Obama then spoke directly to young voters. He urged them to embrace their civic responsibility and arrived at his pivot. He understood, he said,
why a young person might look at politics right now, the circus of it all, the meanness and the lies and crazy conspiracy theories and think, what’s the point?
Well, here’s the point: this president and those in power — those who benefit from keeping things the way they are — they are counting on your cynicism.
In the strongest passage of the speech Obama elaborated that malevolent reckoning and beseeched those dwelling in cynicism to not let Trump take away “your power, your democracy.” Make a plan to vote. “What we do echoes through generations.”
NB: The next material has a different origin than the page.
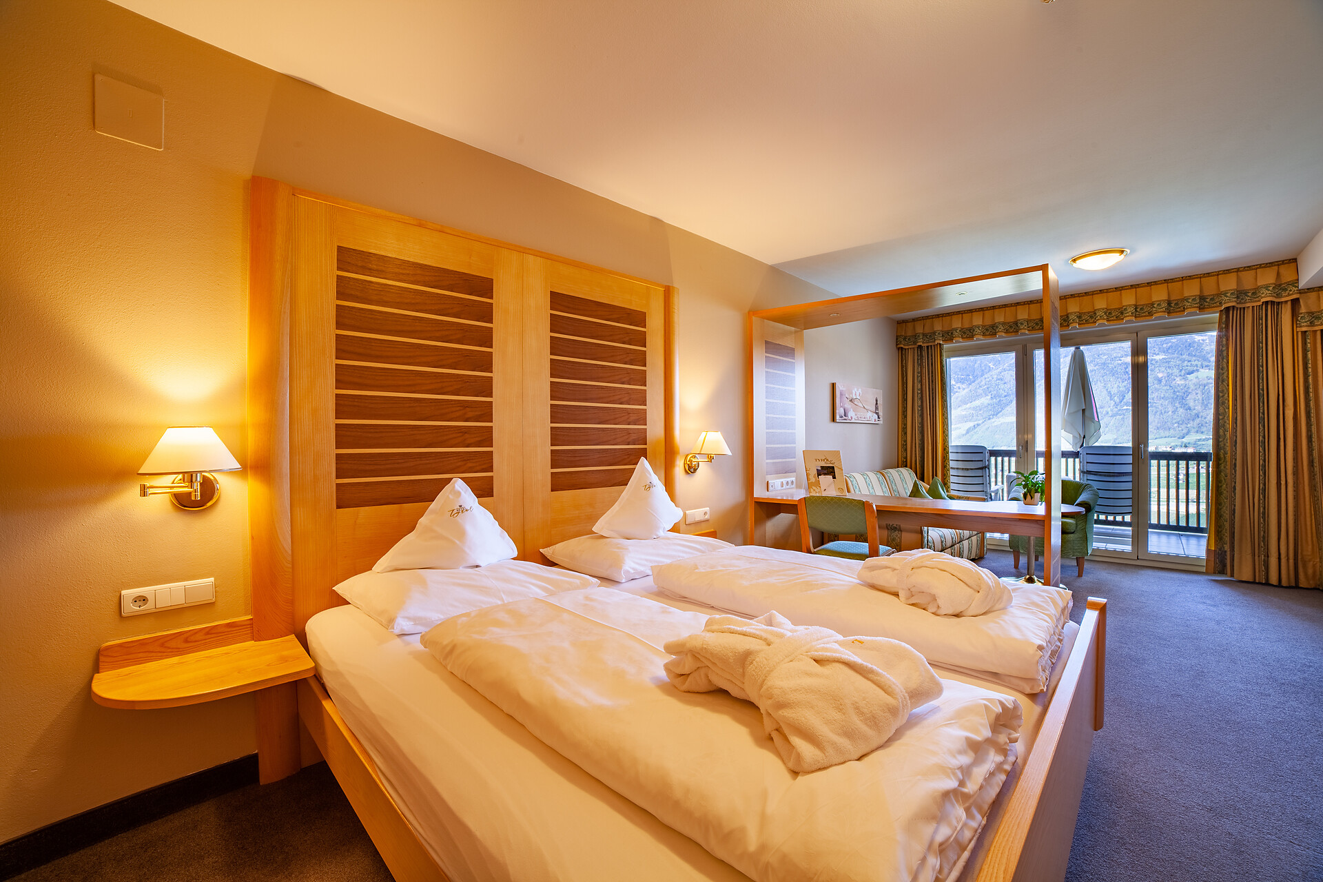 Camera doppia, Letto matrimoniale, Lettino , Divano letto, Terrazza, Minibar, Cassaforte, Doccia/bagno, WC separato, Fon, Accappatoio, TV, TV satellitare/via cavo, WLAN, Collegamento internet , Edificio principale, Vista panoramica, Lato sud
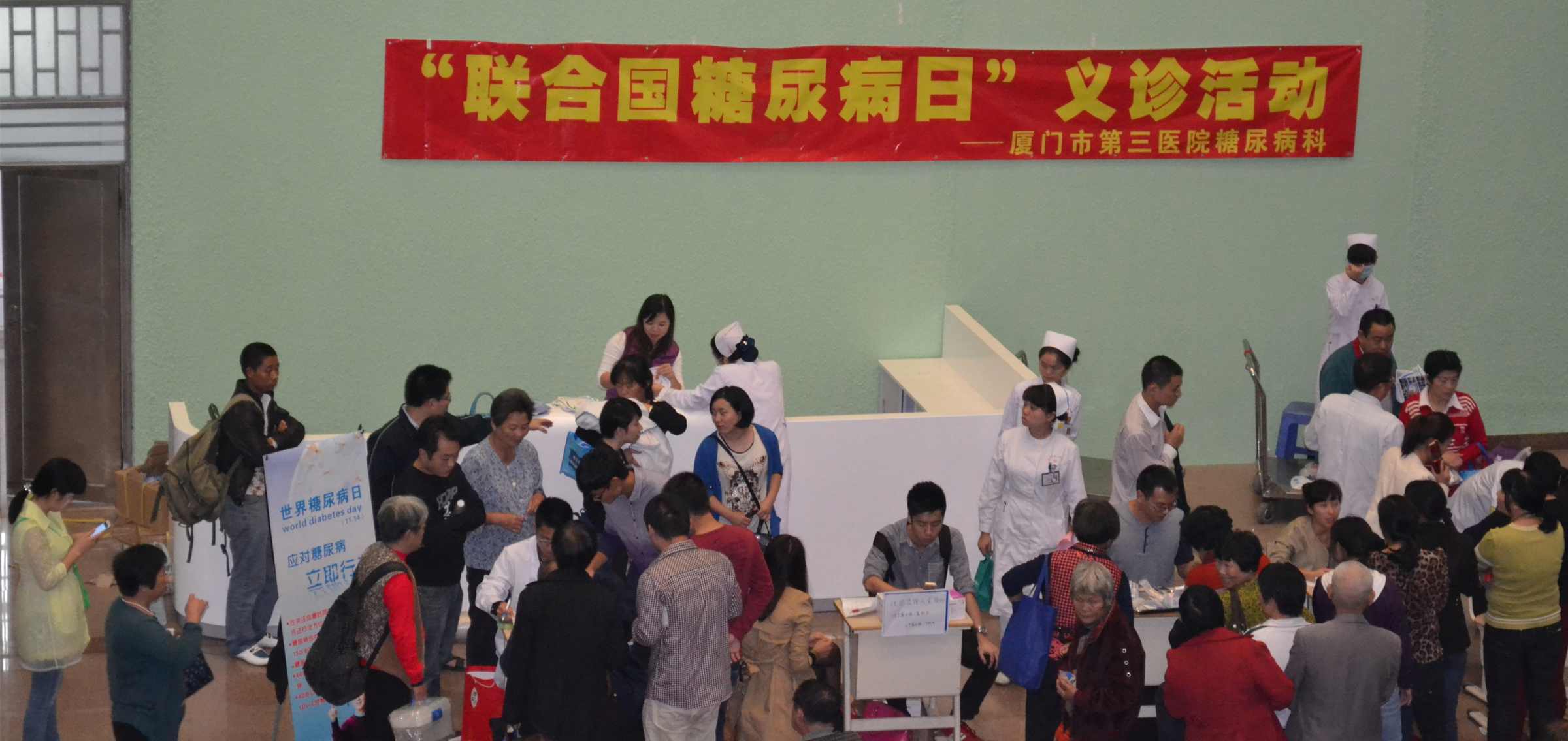 2014年11月14日是“联合国糖尿病日”,今年的主题是“健康饮食与糖尿病”。为唤起群众对糖尿病防治及教育的重视,懂得更多的防控知识,今日下午,跳蛋视频 在门诊大厅开展“糖尿病日”义诊活动,向群众介绍如何防控糖尿病。

Obama held young Americans up to the standards of their predecessors, who had put their bodies and lives on the line for democracy. And he praised them for their protests.
You are this country’s dreams fulfilled. You can give our democracy new meaning, take us to a better place. Stay safe, God bless.
***
Kamala Harris was nominated by declaration. Smart move: this was too somber a night for another rollicking roll call of the states, which would have been repetitive to boot. A video featured Harris’s sister, step-daughter, and niece talking about her devotion to their family. Other women narrated her bio. Then Harris appeared, alone but for a scattering of photographers and reporters, in a cavernous hall in Wilmington, with a podium and flags and state banners on columns. Behind that no back wall could be seen.
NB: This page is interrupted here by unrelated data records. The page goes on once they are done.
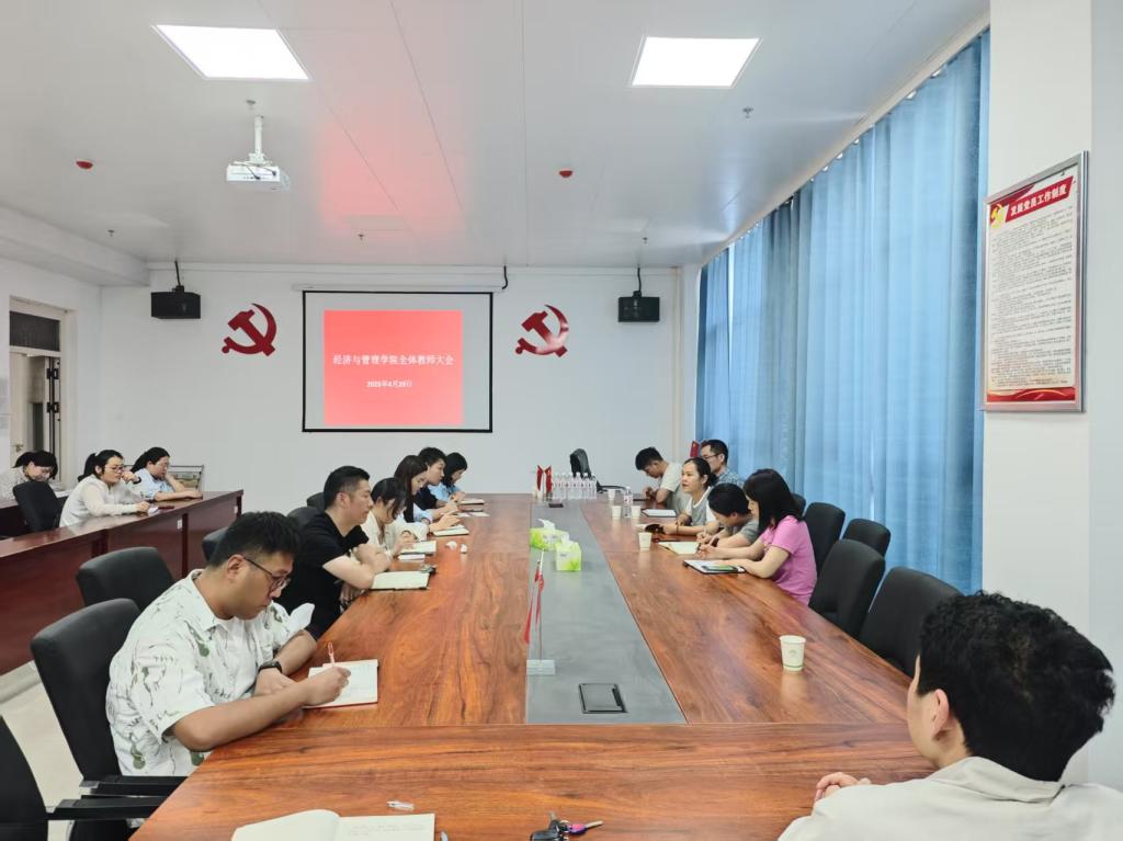 为全面落实学校教学管理要求,强化教学过程监控,推动人才培养质量提升,经济与管理学院于2025年4月29日召开全体教师会议,系统总结期中教学检查工作成果,并针对现存问题提出改进方案。会议由学院院长王成主持,院党委书记王力伟、副书记牛永伟、副院长郭秀英、刁雪影,各教研室主任和专任教师参会。
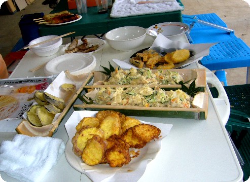 女子チームは その間に 天ぷらの材料を調達したり洗ったり・・・・
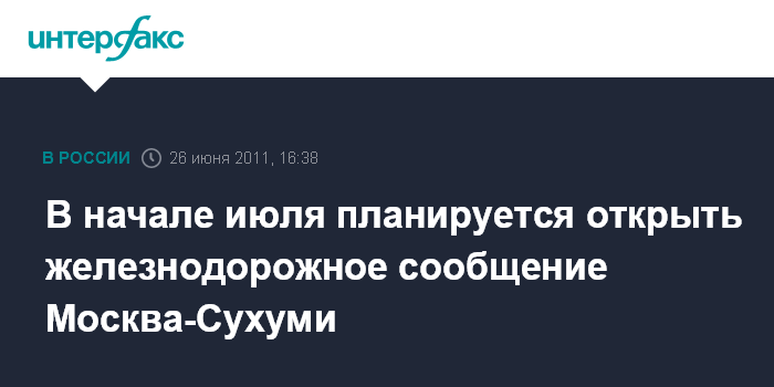 В начале июля планируется открыть железнодорожное сообщение Москва-Сухуми

A lengthy prologue cited by name some of the women who had brought the nation and her to this juncture. “We’re not often taught their stories,” she said. “But as Americans, we all stand on their shoulders.”
Harris spoke about her immediate family and national sorority, and settled into a retelling of her mother’s story. Like Obama, she invoked the memory of John Lewis in describing her “stroller-eye view” of the protests her mother and father brought her to. In a subtle response to growing accusations about her citizenship she noted that her immigrant mother gave birth to her at Kaiser Hospital in Oakland, California. Harris then accepted the nomination in her mother’s honor, and committed herself to the vision of the “beloved community.” The phrase and the idealistic public philosophy it articulates traces back to another Californian, Josiah Royce; Martin Luther King Jr. brought it into the civil rights movement. The “beloved community” evokes
A country where we may not agree on every detail, but we are united by the fundamental belief that every human being is of infinite worth, deserving of compassion, dignity and respect.
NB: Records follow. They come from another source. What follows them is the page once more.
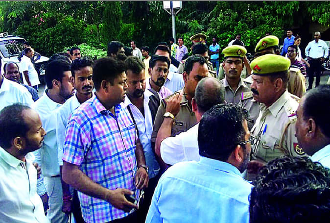 सोमवार को एआरटीओ प्रशासन सुधेश तिवारी सरकारी कार्य से कचहरी गए थे। उसी दौरान 50 से अधिक लोग आ गए और उनकी गाड़ी घेर कर गालीगलौज करने लगे। जैसे ही वह गाड़ी से उतरे उनके साथ हाथापाई कर दी। सीओ सिटी ने बीचबचाव किया तो उनसे भी झगड़ा करने लगे।
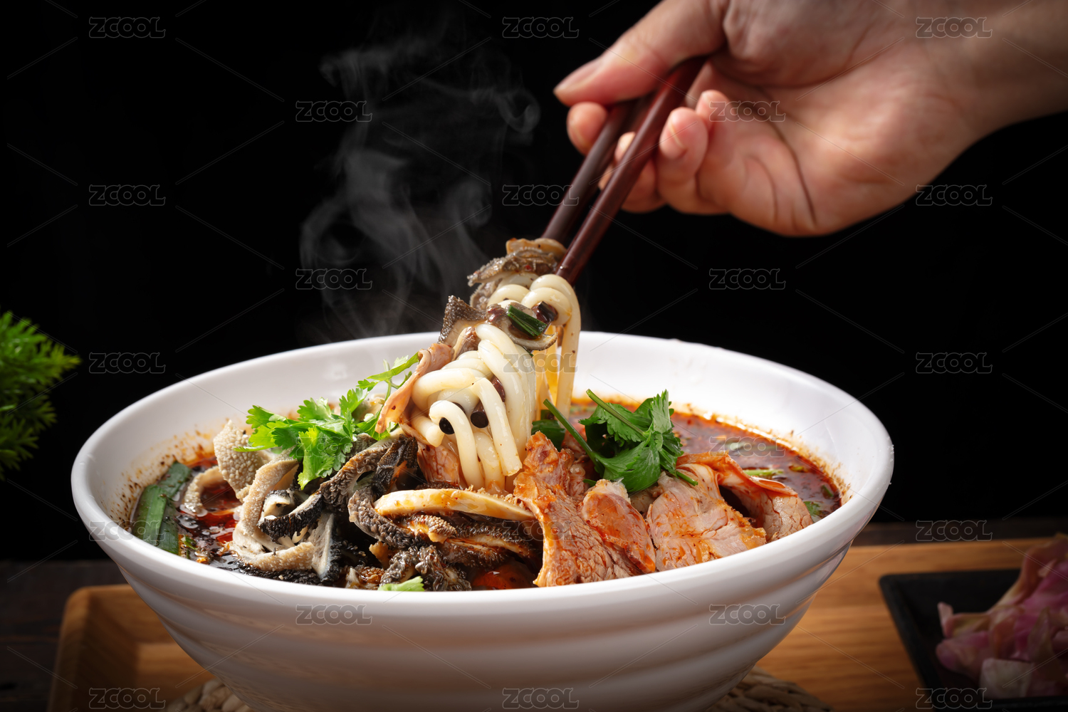 托盤(pán)上筷子夾著里紅湯雙拼羊雜羊肉粉米粉
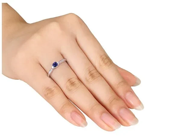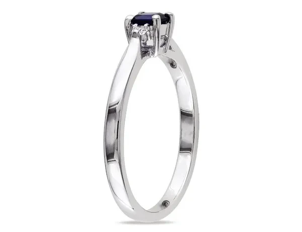 2/5 Carat (ctw) Lab-Created Blue Sapphire & Diamond Ring in Sterling Silver This dazzling ring boasts a gorgeous princess-cut sapphire, the traditional blue gemstone for September birthdays, adorned on either side by twinkling white diamonds. With a total gem weight of 0.32 carats (ctw), this ring shimmers in polished sterling silver. Beautifully crafted in 0.925 sterling silver with a Polished Finish Stone Type: Blue Sapphire; Color: Blue; .28 CTW; Quantity: 1; Princess Cut; Square Shape; Lab Created; Prong Setting Stone Type: Diamond; Color: G-H; Clarity: I1-I2; .04 CTW; Quantity: 2; Round Shape; Natural; Prong Setting Blue Sapphire Gemstone is the Birthstone for the Month of September This Diamond Ring is the perfect gift for any birthday, anniversary, holidays, thank you, thinking of you, or for any reason at all SKU: 68DLG43190CSA-P
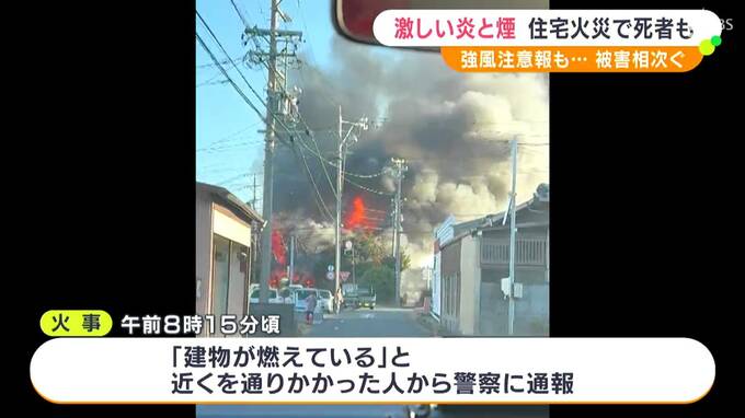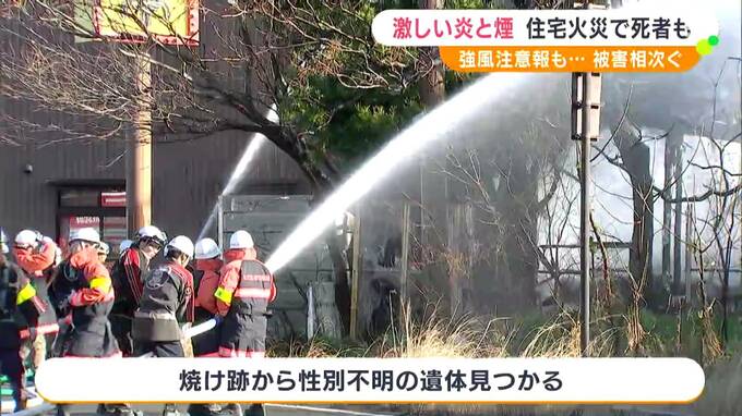 静岡県内では、1月12日朝早くから広い範囲で強風注意報が出る中、火事が相次ぎました。牧之原市の住宅火災では、焼け跡から1人の遺体が見つかり、浜松市の火事では、70代の男性が心肺停止で病院に運ばれています。
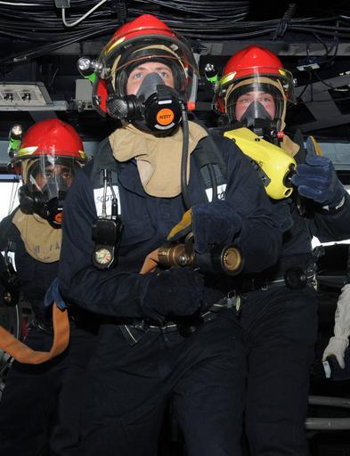 | Keywords: US Navy 110627-N-QL471-178 Sailors man a fire hose during a general quarters training exercise in the pilothouse aboard the aircraft carrier USS Ge.jpg en ARABIAN GULF June 27 2011 Sailors man a fire hose during a general quarters training exercise in the pilothouse aboard the aircraft carrier USS George H W Bush CVN 77 George H W Bush is deployed supporting maritime security operations and theater security cooperation efforts in the U S 5th Fleet area of responsibility on its first operational deployment U S Navy photo by Mass Communication Specialist 3rd Class Billy Ho/Released 2011-06-27 110627-N-QL471-178 Navy http //www navy mil/view_image asp id 103332 U S Navy photo by Mass Communication Specialist 3rd Class Billy Ho PD-USGov-Military-Navy Aboard USS George H W Bush CVN-77 Breathing masks Fire hoses Firefighting training in the United States Navy Self-contained breathing apparatus June 2011 People with gloves People with helmets Sailors from the United States Navy 2011 photographs United States Navy in the Persian Gulf 27 June |
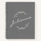 Ce carnet élégant et personnalisé présente une élégante couronne botanique minimaliste en gris. Personnalisez-le avec votre nom en écriture de script. Super idée cadeau.
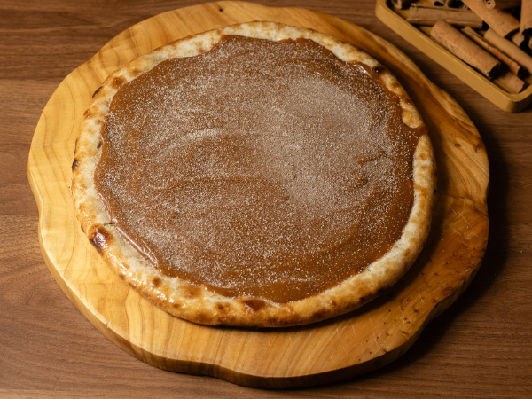Uma clássica irresistível: massa especial de pizza doce, doce de leite NestléⓇ cremoso e o toque final de açúcar e canela
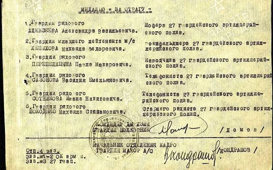 И даже иногда влезает в наградные листы и приказы командиров в/ч о награждении:

A country where we look out for one another, where we rise and fall as one, where we face our challenges and celebrate our triumphs — together.
“Today,” Harris continued, “that country feels distant” because Trump’s failure of leadership has cost lives and livelihoods. She concluded a brief comparison of the coronavirus with structural racism with what will be the most quoted line from this speech: “There is no vaccine for racism.” Consequently, “we gotta do the work.”
That’s the line Biden spoke to her on the video-recorded call where he asked her to join the ticket. She left that tacit as she segued into her praise segment for him. And she too, like Obama and for that matter countless orators, concluded with a “for the children and their children” call to action.
This was not a great speech. It was a compilation of material Harris used while campaigning for the presidential nomination. The Biden stories are getting worn, and now that Harris has been formally re-introduced to a large audience one hopes fresher material is on the way. Still, something less than greatness befits the assumption of what is, for all its historical significance, a supporting role. And Harris delivered it with warmth, affection, purpose, and that striking philosophical invocation.